Looking at ZoL for comparison, they are just doing dmu_objset_hold(zc->zc_name, FTAG, &os); in zfs_ioc_next_obj. I'm unsure of the reasons for the difference in illumos. It may just be an artifact of the initial illumos port of zfs encryption.
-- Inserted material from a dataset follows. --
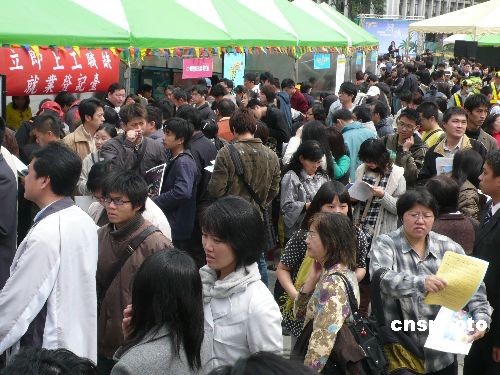 大環(huán)境經(jīng)濟(jì)不景氣,臺(tái)灣去年十二月失業(yè)率超過百分之五,失業(yè)人口近五十無萬!爸饔(jì)處”對(duì)今年經(jīng)濟(jì)成長(zhǎng)率的預(yù)測(cè)為負(fù)百分之二點(diǎn)九七。臺(tái)北市政府勞工局在二十一日舉行了一場(chǎng)就業(yè)博覽會(huì),釋出兩千多個(gè)工作職位,并提供職業(yè)訓(xùn)練課程供民眾申請(qǐng)。中新社發(fā) 路梅 攝

Updated by Jason King over 3 years ago
- Subject changed from export of zpool with mounted and encrypted datasets leaks wrapping key to zfs diff on encrypted dataset leaks key reference
Updated by Electric Monk over 3 years ago
- Status changed from New to Closed
- % Done changed from 0 to 100
git commit 28df1ae01e4451dbbaeff3611e2544dda0f99f2b
commit 28df1ae01e4451dbbaeff3611e2544dda0f99f2b
Author: Jason King <jason.king@joyent.com>
Date: 2019-11-13T18:40:50.000Z
11947 zfs diff on encrypted dataset leaks key reference
Reviewed by: Andrew Stormont <astormont@racktopsystems.com>
Reviewed by: Andy Fiddaman <omnios@citrus-it.co.uk>
Reviewed by: Jerry Jelinek <jerry.jelinek@joyent.com>
Approved by: Gordon Ross <gordon.w.ross@gmail.com>
Updated by Joshua M. Clulow over 3 years ago
Testing Notes (from Jason)¶
To test, I built a DEBUG SmartOS platform image (PI) with the change (DEBUG illumos-joyent build), and ran the zfs test suite on a VM running the new PI. All the expected tests pass. I also ran the (soon to be RTIed) zfs diff tests on the same PI, which also passed (except for the zfs diff + large dnodes, however that will be fixed with #11950.
In addition, the original trigger of this bug was a DEBUG build ASSERT that gets tripped if a ‘zfs diff’ is done on an encrypted dataset whose zpool is later exported (the ASSERT is triggered because of the leaked key reference). I was able to reproduce the ASSERT panic on an unmodified SmartOS DEBUG image, and could not reproduce it on the DEBUG PI with the fix applied. I also used the (also soon to be RTIed) fixed ::zfs_refcount dcmd (#11944) before and after running ‘zfs diff’ with reference tracking enabled to verify the hold taken by ‘zfs diff’ did not show up after the command completes.